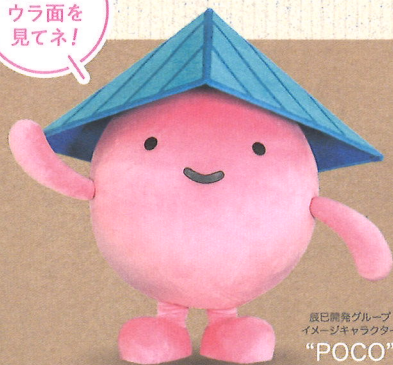
辰巳開発グループ イメージキャラクター "POCO"
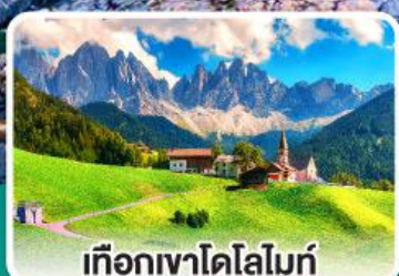
เทือกเขาโดโลไมท์
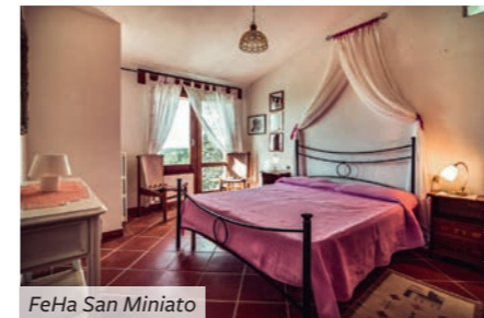
FeHa San Miniato
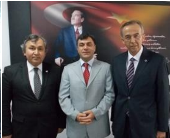
Çalışma ve İş Kurumu İl Müdürlüğü
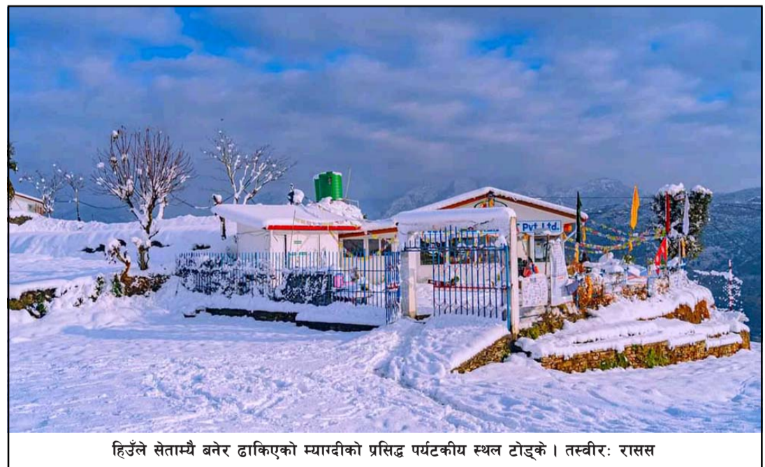
हिउँले सेताम्यै बनेर ढाकिएको म्याग्दीको प्रसिद्ध पर्यटकीय स्थल टोड्के ।
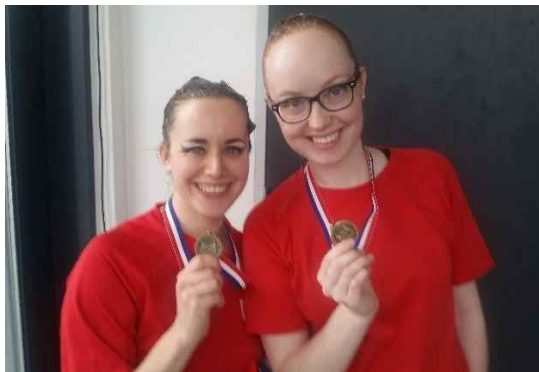
Brons voor het master duet.

De NK en NK Masters bestaat uit twee onderdelen. De eerste dag worden de technische kuren gezwommen. De technische kuren bevatten vaste figuren en onderdelen die erin moeten worden opgenomen. Het master duet

- **Requirement**
From the data above, show each line that contains "master".

- **Written solution**
Brons voor het master duet.
De NK en NK Masters bestaat uit twee onderdelen. De eerste dag worden de technische kuren gezwommen. De technische kuren bevatten vaste figuren en onderdelen die erin moeten worden opgenomen. Het master duet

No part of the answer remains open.